Buffer Pool Manager Instance

个人理解

 Buffer Pool Manager主要实现几个功能,向disk写新的page,从disk里fetch page,刷新page等,这个部分千万千万反复看视频和PPT,当对page进行内容操作的时候会对该page进行pin,跟PPT上所说的一样。

实现细节
Notice
page.h
 private:
  /** Zeroes out the data that is held within the page. */
  inline void ResetMemory() { memset(data_, OFFSET_PAGE_START, PAGE_SIZE); }

  /** The actual data that is stored within a page. */
  char data_[PAGE_SIZE]{};
  /** The ID of this page. */
  page_id_t page_id_ = INVALID_PAGE_ID;
  /** The pin count of this page. */
  int pin_count_ = 0;
  /** True if the page is dirty, i.e. it is different from its corresponding page on disk. */
  bool is_dirty_ = false;
  /** Page latch. */
  ReaderWriterLatch rwlatch_;
buffer_pool_manager_instance.h
/** Number of pages in the buffer pool. */
  const size_t pool_size_;
  /** How many instances are in the parallel BPM (if present, otherwise just 1 BPI) */
  const uint32_t num_instances_ = 1;
  /** Index of this BPI in the parallel BPM (if present, otherwise just 0) */
  const uint32_t instance_index_ = 0;
  /** Each BPI maintains its own counter for page_ids to hand out, must ensure they mod back to its instance_index_ */
  std::atomic<page_id_t> next_page_id_ = instance_index_;

  /** Array of buffer pool pages. */
  Page *pages_;
  /** Pointer to the disk manager. */
  DiskManager *disk_manager_ __attribute__((__unused__));
  /** Pointer to the log manager. */
  LogManager *log_manager_ __attribute__((__unused__));
  /** Page table for keeping track of buffer pool pages. */
  std::unordered_map<page_id_t, frame_id_t> page_table_;
  /** Replacer to find unpinned pages for replacement. */
  Replacer *replacer_;
  /** List of free pages. */
  std::list<frame_id_t> free_list_;
  /** This latch protects shared data structures.
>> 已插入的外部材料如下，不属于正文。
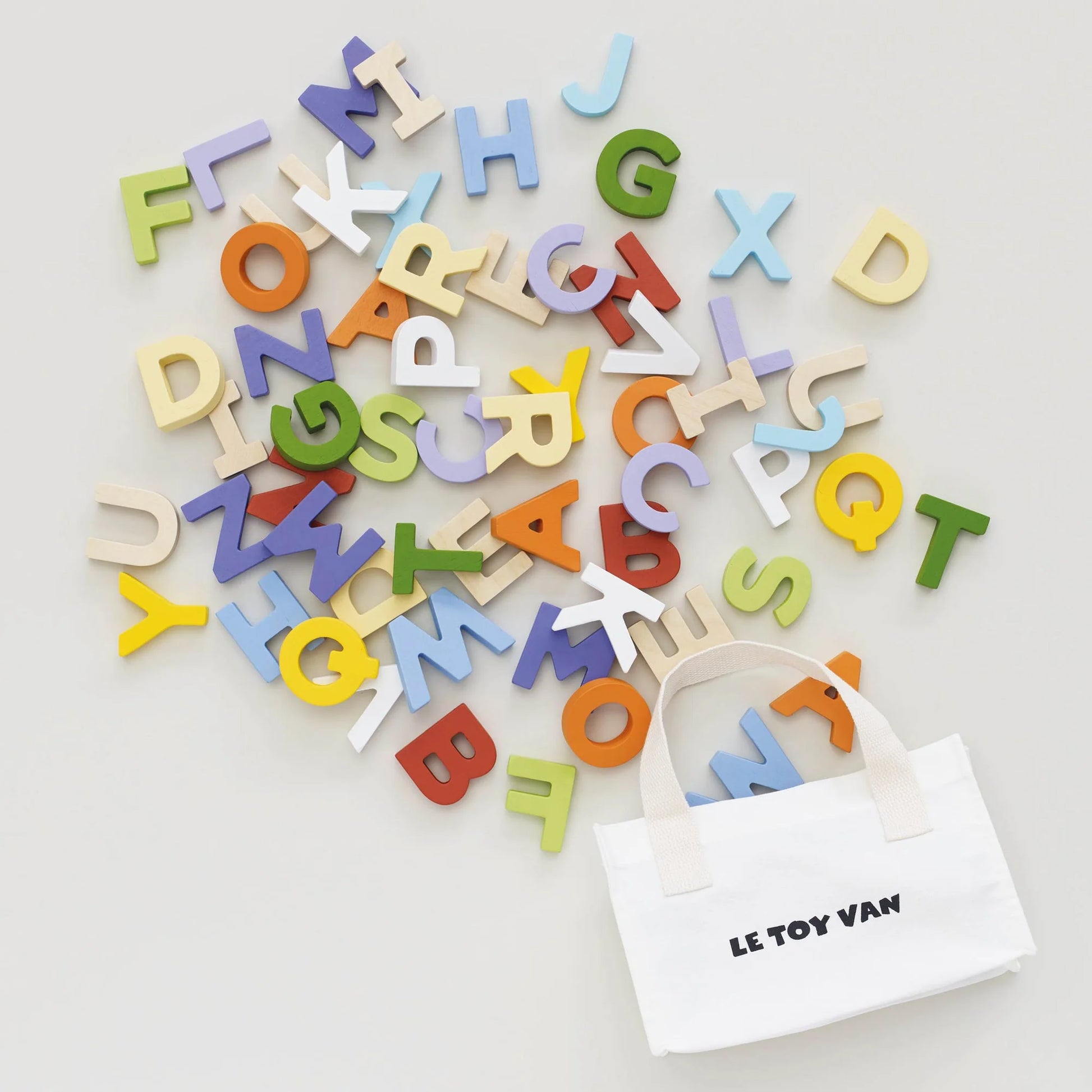 Spell your way to success with this lovely letters set for little wordsmiths. Crafted from sustainable, FSC® - certified wood, this 60 piece set is painted in sweet rainbow shades using child safe, water based stain. Learn the alphabet and form simple words with this delightful, plastic free toy, perfect for pre-schoolers and beyond. Complete with a cotton handled storage bag for stowing away safely at the end of a busy play session.

We recommend updating this comment to describe what it protects. */
  std::mutex latch_;
disk_manager.h
  /**
   * Write a page to the database file.
   * @param page_id id of the page
   * @param page_data raw page data
   */
  void WritePage(page_id_t page_id, const char *page_data);

  /**
   * Read a page from the database file.
   * @param page_id id of the page
   * @param[out] page_data output buffer
   */
  void ReadPage(page_id_t page_id, char *page_data);
TODO 1 FlushPgImp
bool BufferPoolManagerInstance::FlushPgImp(page_id_t page_id) {
  // Make sure you call DiskManager::WritePage!
  std::lock_guard<std::mutex> lock_guard(latch_);
  if (page_id == INVALID_PAGE_ID) {
    return false;
  }
  auto item = page_table_.find(page_id);
  if (item == page_table_.end()) {
    return false;
  }

  frame_id_t frame_id = item->second;
  Page *page = &pages_[frame_id];
  disk_manager_->WritePage(page->GetPageId(), page->GetData());
  page->is_dirty_ = false;

  return true;
}
TODO 2 FlushAllPgsImp
void BufferPoolManagerInstance::FlushAllPgsImp() {
  // You can do it!
  std::lock_guard<std::mutex> lock_guard(latch_);
  for (auto &item : page_table_) {
    frame_id_t frame_id = item.second;
    Page *page = &pages_[frame_id];
    disk_manager_->WritePage(page->GetPageId(), page->GetData());
    page->is_dirty_ = false;
  }
}
TODO 3 NewPgImp
Page *BufferPoolManagerInstance::NewPgImp(page_id_t *page_id) {
  // 0.   Make sure you call AllocatePage!
  // 1.   If all the pages in the buffer pool are pinned, return nullptr.
  // 2.   Pick a victim page P from either the free list or the replacer. Always pick from the free list first.
  // 3.   Update P's metadata, zero out memory and add P to the page table.
  // 4.   Set the page ID output parameter. Return a pointer to P.
  std::lock_guard<std::mutex> lock_guard(latch_);

  frame_id_t frame_id;
  Page *page = nullptr;

  if (!free_list_.empty()) {
    frame_id = free_list_.front();
    free_list_.pop_front();
    page = &pages_[frame_id];
  } else if (replacer_->Victim(&frame_id)) {
    page = &pages_[frame_id];
    if (page->IsDirty()) {
      disk_manager_->WritePage(page->GetPageId(), page->GetData());
    }
    page_table_.erase(page->GetPageId());
  } else {
    return nullptr;
  }

  page_id_t new_page_id = AllocatePage();
  page->page_id_ = new_page_id;
  page->is_dirty_ = false;
  page->pin_count_ = 1;
  page->ResetMemory();

  page_table_[page->GetPageId()] = frame_id;
  *page_id = page->GetPageId();
  replacer_->Pin(frame_id);

  return page;
}
TODO 4 FetchPgImp
Page *BufferPoolManagerInstance::FetchPgImp(page_id_t page_id) {
  // 1.     Search the page table for the requested page (P).
  // 1.1    If P exists, pin it and return it immediately.
  // 1.2    If P does not exist, find a replacement page (R) from either the free list or the replacer.
  //        Note that pages are always found from the free list first.
  // 2.     If R is dirty, write it back to the disk.
  // 3.     Delete R from the page table and insert P.
  // 4.     Update P's metadata, read in the page content from disk, and then return a pointer to P.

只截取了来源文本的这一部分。